I recently wrote about an opportunity to examine the role of a CIO: how a workshop with some students from ESSEC Business School had given me a welcome opportunity to think about my role wearing my CIO hat and its direction of travel. This introspection had also been partly triggered in the days prior to the workshop by my reading an thought provoking piece by R “Ray” Wang of Constellation Research entitled “The Four Personas of the Next Generation CIO”. I particularly liked his argument that the top CIOs will need to seamlessly integrate four personas to be high performers, namely Chief Integration Officer, Chief Infrastructure Officer, Chief Intelligence Officer and Chief Innovation Officer; that is a whole lot of chiefs! The more I thought about his argument, the more it resonated and, somewhat annoyingly, I found it a far more elegant and succinct way of summing up the differing perspectives I had been referencing when presenting on the challenges facing CIOs today. If you are a CIO, I suggest you need to read this material and, if you are an aspiring CIO, then doubly so. The paper is restricted access but I also found that Ray has also posted his thinking to the Harvard Business Review Blogs and there is a neat graphic to boot:
Not all CIOs will attempt to operate all four personas solo and will look to supplement with their team members as suggested in the HBR blog post. However, this is exactly what I have been doing over the last 12 months and this simple model is actually extremely powerful when you map onto it activities, successes and failures. I have started shamelessly referencing this model when discussing the CIO role and the challenges to help ensure I retain a balance. Partly for fun and partly as it is that time of year in Fujitsu for annual performance reviews I decided to map where I have allocated my time over the last six months by a quick/dirty review of my diary:
Now I can post-rationalize the time allocation along with the best of you. I can give you all manner of coherent (in my mind at least) arguments for why my time has been so externally focused in the business rather than technologist mode and why when in technologist mode I have been focused on the integration space. However, the value is in the self-review process of analysing and plotting the time allocation. What would be especially interesting is to plot in which quadrant my wins and my disappointments fall over the same period (and indeed I will be doing just that as preparation for my review, should my boss be reading!).

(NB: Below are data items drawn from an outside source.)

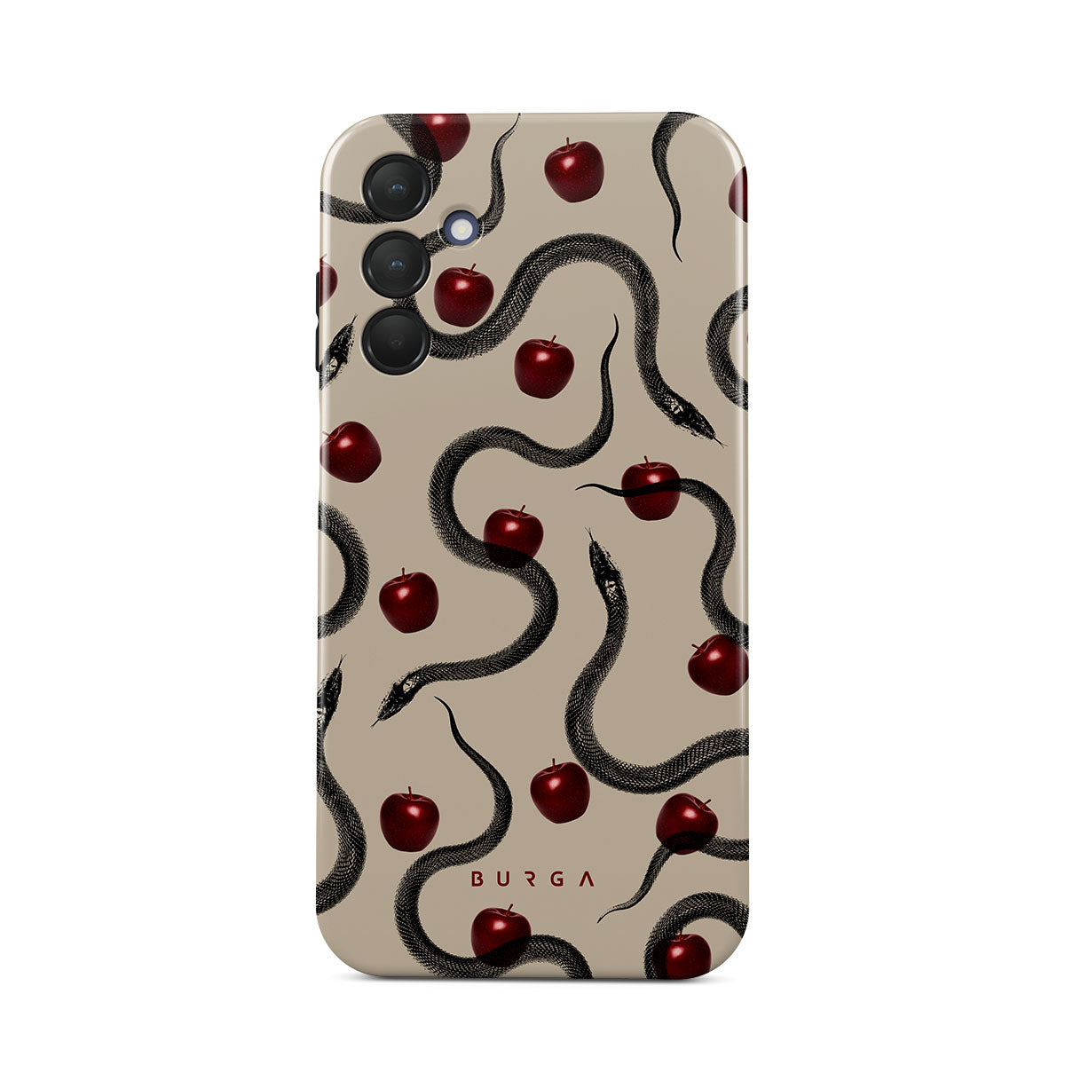 Este design contém: maçãs vermelhas brilhantes, serpentes enroladas, tons de bege.
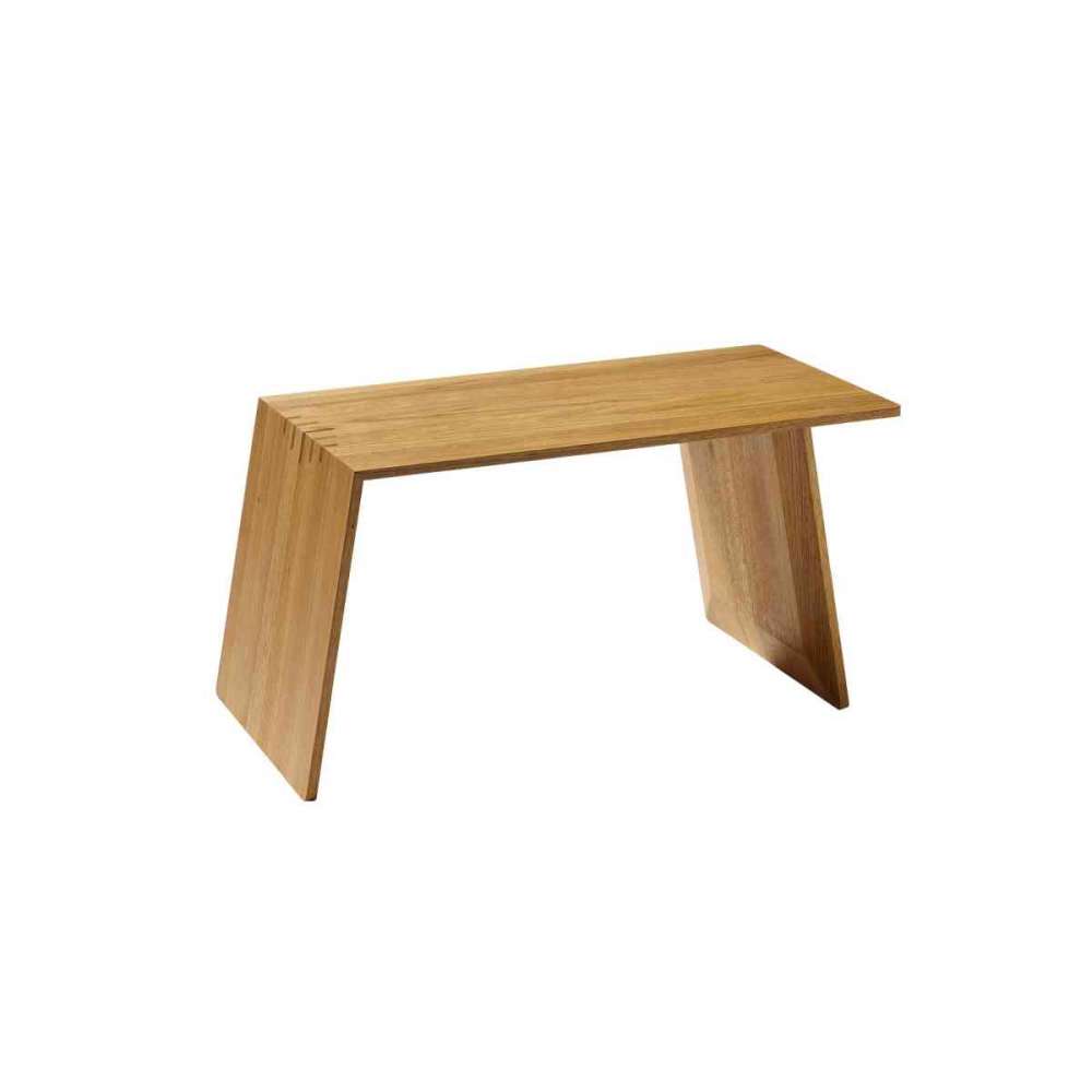 Jego podstawowy kształt tworzą trzy odrębne powierzchnie, a skośne panele boczne zapewniają stabilność stołu. Ręcznie wykonane połączenie wpustowe pozwala przesuwać panel boczny do iz pozycji biurkowej, podkreślając jednocześnie piękno kunsztu TEAM 7. Swój delikatny i dynamiczny urok sidekick zawdzięcza delikatnemu wyglądowi drewnianych paneli użytych do jego wykonania. Zmysłowy w swoim materiale i innowacyjny w swojej użyteczności, sidekick jest nastawiony na codzienne użytkowanie i wykazuje wysoki poziom funkcjonalności. Dostępny w sześciu różnych rodzajach drewna.
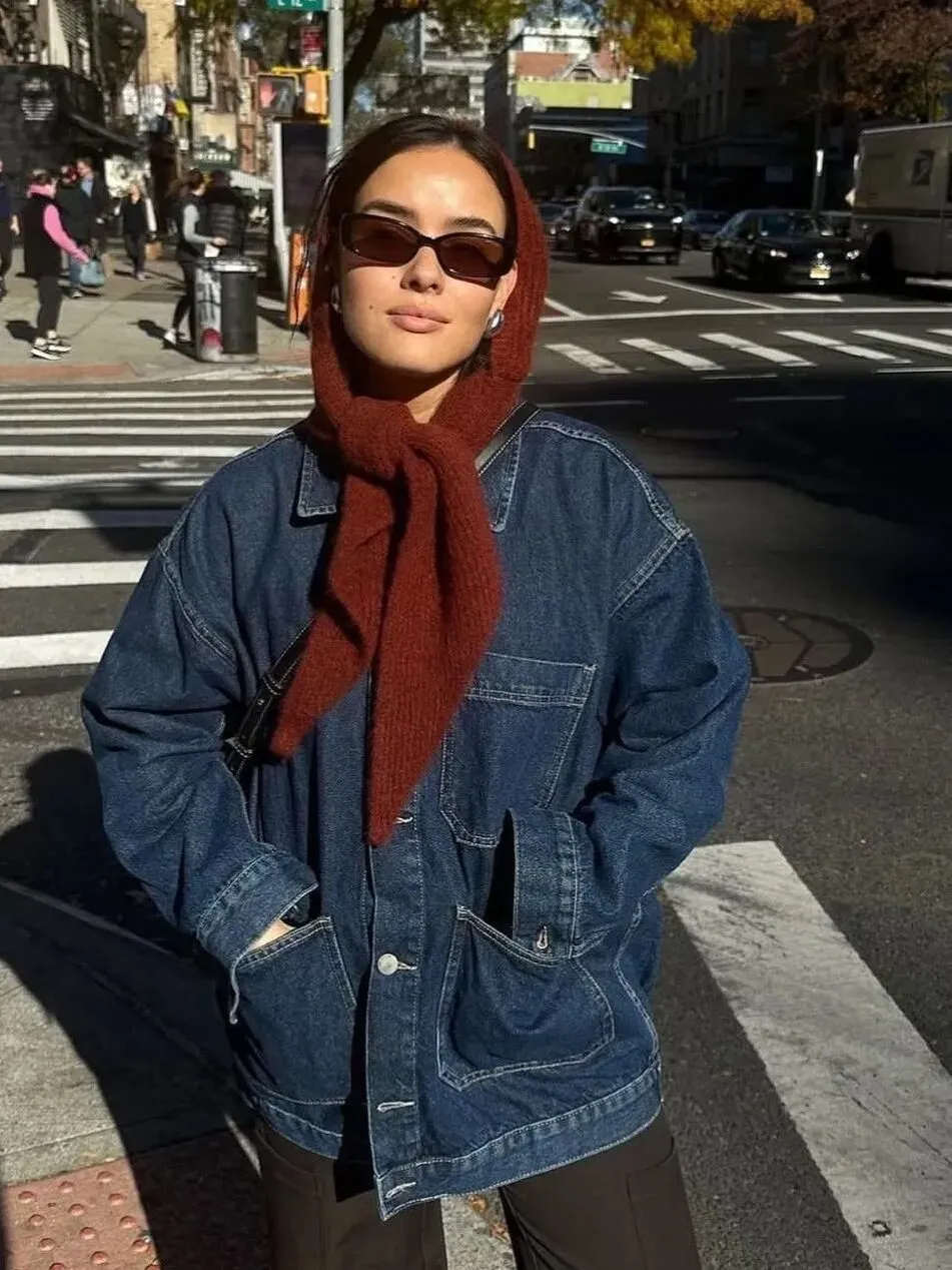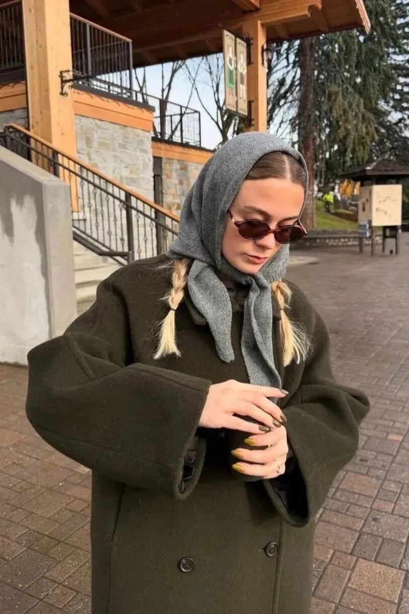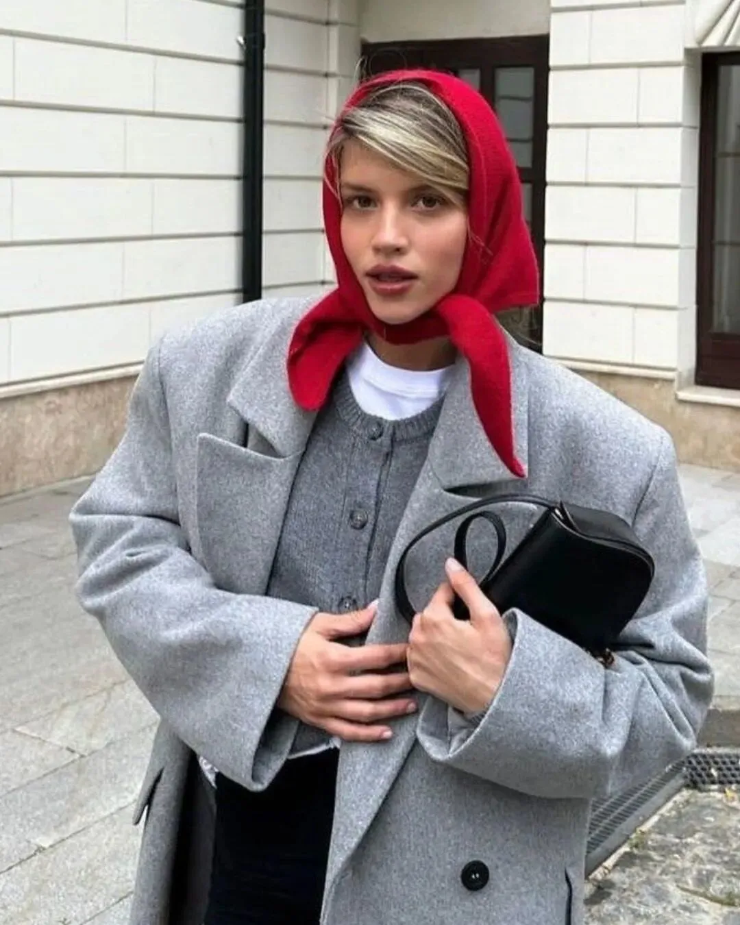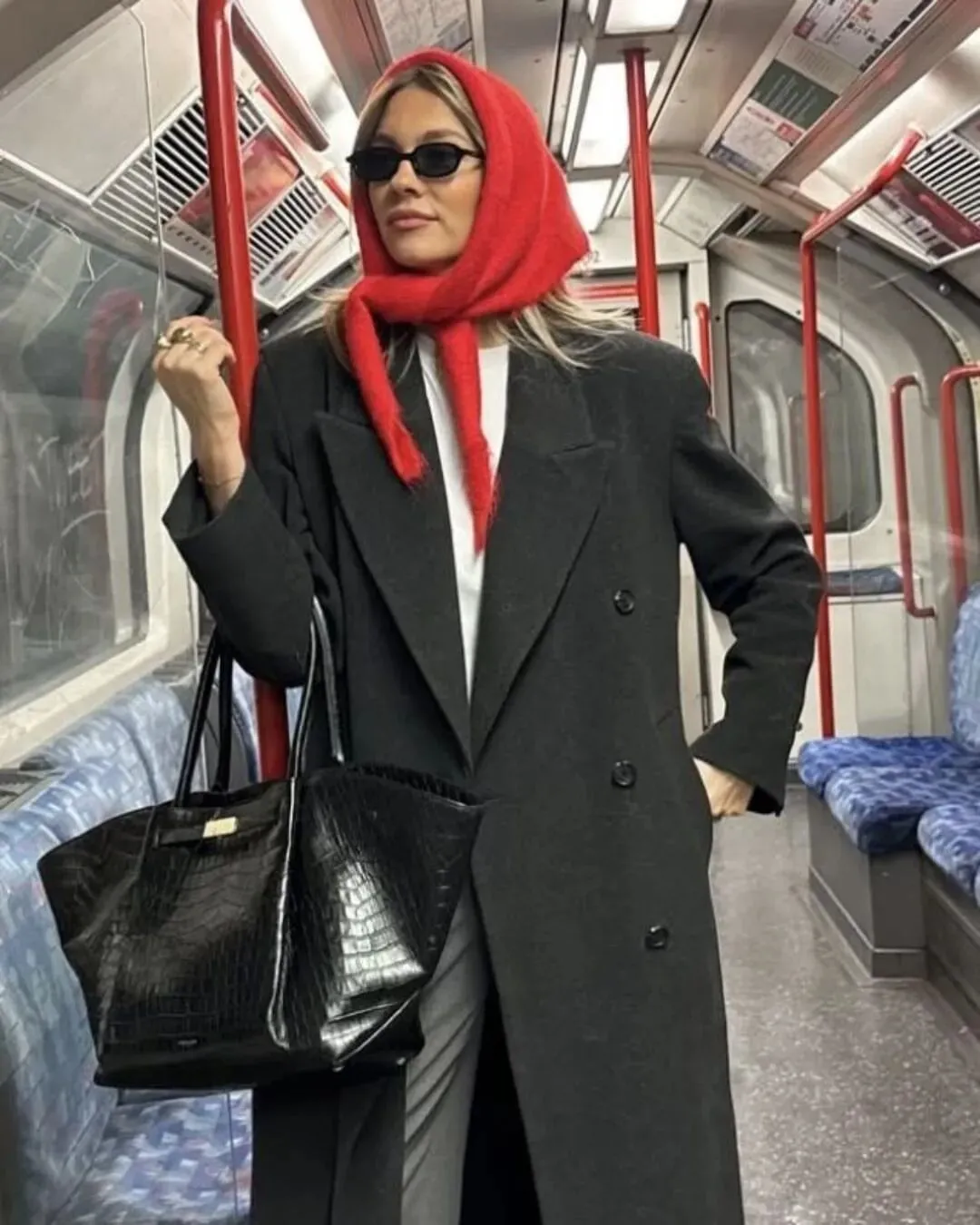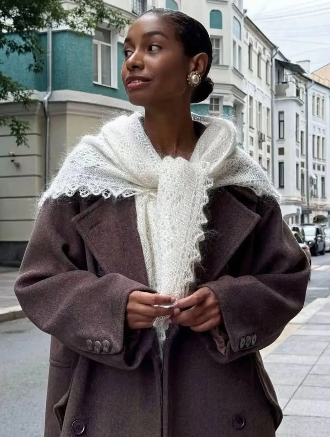 通勤风:高领毛衣 + 大衣 + 流苏三角巾 → 提升职业装高级感;
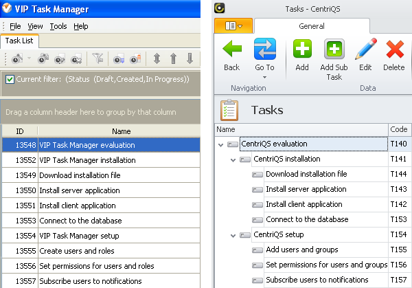 We prepared a migration solution that lets you continue working with your current VIP Task Manager database. Learn more about "How to migrate from VIP Task Manager to CentriQS"
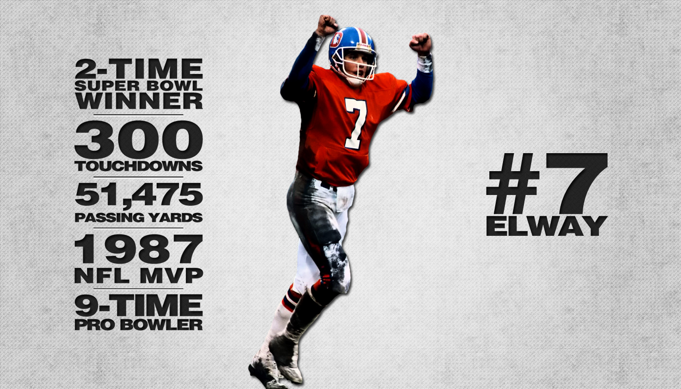 Description: A football player is jumping in the air with his arms in the air and numbers in the background that read 7 - time super bowl winner.
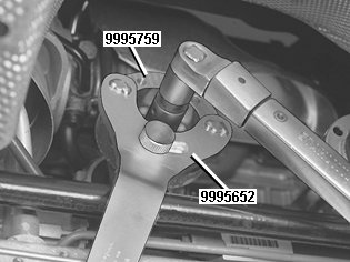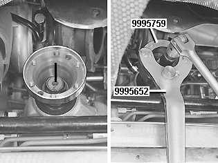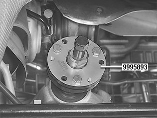 Remove the nut. Use counterhold 999 5652 Counterh 999 5652 Counterh. with adapter 999 5759 Adapter flange All-wheel drive 999 5759 Adapter Flange All-Wheel Drive.
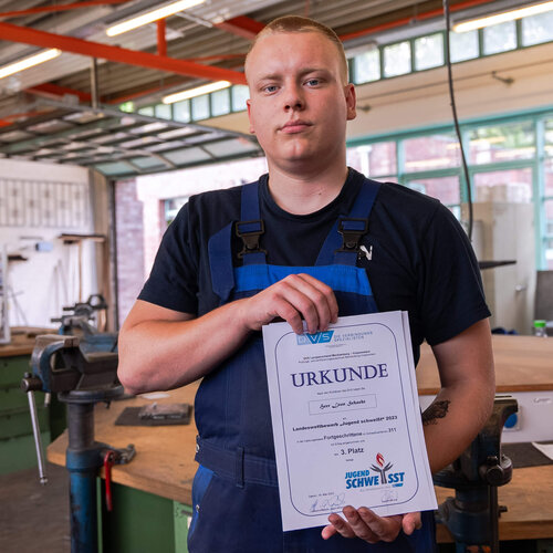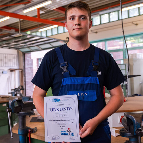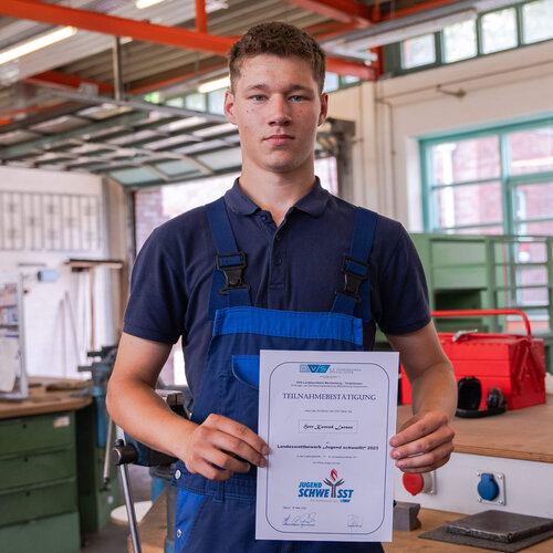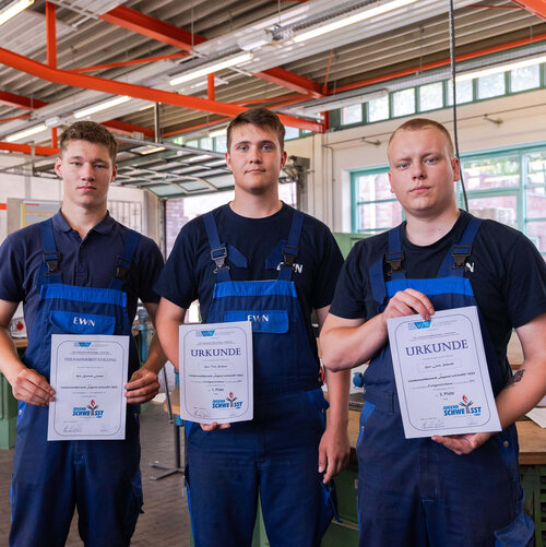 Neben Herrn Rochow konnten auch die angehenden Industriemechaniker des Entsorgungswerkes für Nuklearanlagen (EWN) Leon Schacht und Konrad Larsen mit ihren guten Platzierungen (3. und 4. Platz) glänzen. Insgesamt haben 16 junge Teilnehmer:innen in 4 verschiedenen Verfahren (Autogen-, Metallaktivgas-, Wolfram Inertgas- & Lichtbogenhandschweißen) an den Landesmeisterschaften teilgenommen. „Die hervorragenden Leistungen von Herrn Rochow sind nicht zuletzt auf die Unterstützung und mentale Vorbereitung durch die Ausbilder im BBW zurückzuführen“, betont Stefanie Wordell, Verantwortliche für die Personalbetreuung und -entwicklung der EWN Entsorgungswerk für Nuklearanlagen GmbH. Die nächste Etappe für Tom Rochow wird die Teilnahme am Bundeswettbewerb sein. Erste Unterlagen, darunter Schweißanweisungen, sind bereits bei den Ausbildern eingetroffen und werden in den kommenden Wochen intensiv mit Herrn Rochow vorbereitet.
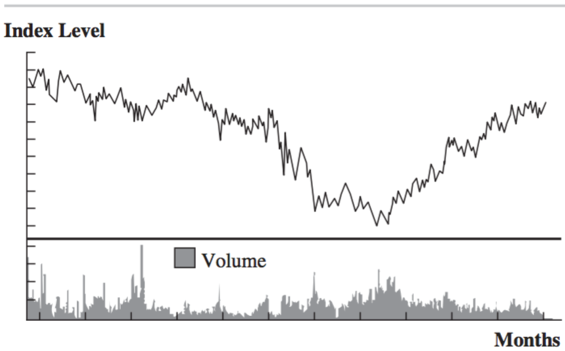 Volume is used by technicians as a barometer of the strength of a trend. Volume‐related information is typically included at the bottom of most charts (see Figure 2-9).
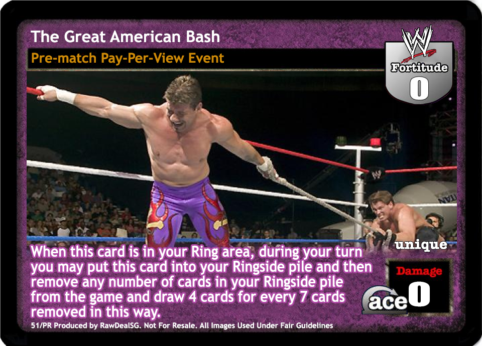 When this card is in your Ring area, during your turn you may put this card into your Ringside pile and then remove any number of cardsin your Ringside pile from the game and draw 4 cards for every 7 cards removed in this way.
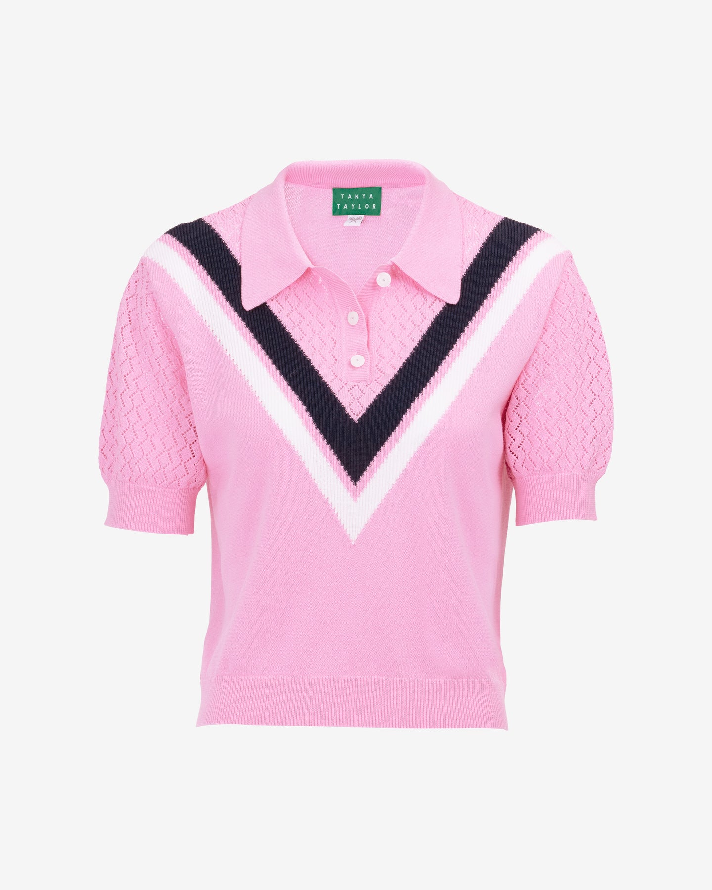 Designed with pointelle sleeves and neckline, contrasted by a preppy V-neck design, Camilla is polished yet playful, adding a touch of refined charm to your everyday rotation.
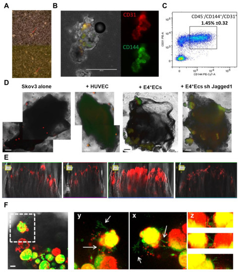 (A) Ascites of patients were screened through phase microscopy for spheroid formations (red arrow). (B) Spheroids from patient ascites were stained with CD31 and CD144. Scale bar, 200 µm. (C) Cells from patient ascites were stained with CD45, CD144 and CD31 and CD45-/CD144+/CD31+ cells were gated. The full gating strategy is available in Supplementary Figure S9. (D) SKOV3 cells were stained with PKH red prior to being co-cultured in 3D media with HUVECs stained with PKH green, eGFP-E4 + ECs or eGFP-SH-jag1-E4 + ECs. After 6 days of co-culture, spheroids were put in contact with patient peritonea pieces. Scale bar, 500 µm (E) Z-X reconstitution of red fluorescence is shown for each condition. (F) Pictures display confocal imagery taken deep in peritonea in contact with spheroids of SKOV3 and eGFP-E4 + ECs. Arrows are pointing at endothelial sprouting coming from eGFP-E4 + ECs. Scale bar, 20 µm.
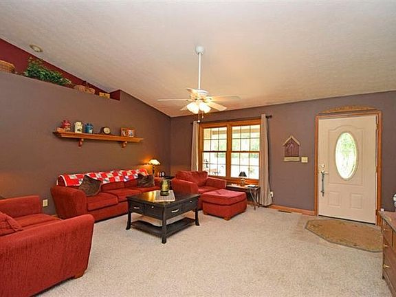 Home Sweet Home! Spacious 3 bdrm, 2 ba ranch situated on 3+ acres. Cathedral ceilings, lg eat in kitchen, dining rm w/walkout to nice deck, master features a whirlpool tub & separate shower. 2 car attached garage. Beautiful landscaping. Move in ready

What this line of thought has confirmed for me is that I will be publishing an “annual report” for my function that will review our performance against objectives in the financial year just closed and set out our agenda for the coming twelve months. We may well reflect the model above in the structure of the material but, if not, we will certainly be talking about how I and my team did against our targets in those four persona areas and how we will be jointly fulfilling all four in the coming year. Clearly, like any good CIO, I will be balancing that future roadmap both with our corporate business imperatives and the available funding that we forecast the various business cases will generate. If anyone has any great exemplars of such progress/performance reports that they are willing to share please feel free.
Finally I’d be failing in my declared intent to “keep it real” if I failed to cover one of the truisms of the CIO role: there is always more value you feel you should be delivering; there is never enough resource or funding to do all you know needs doing; and you will always be looking for initiatives to delight your stakeholders and user base (buying the time/space to carry out the hygiene projects without which eventually things will get terribly messy and difficult)!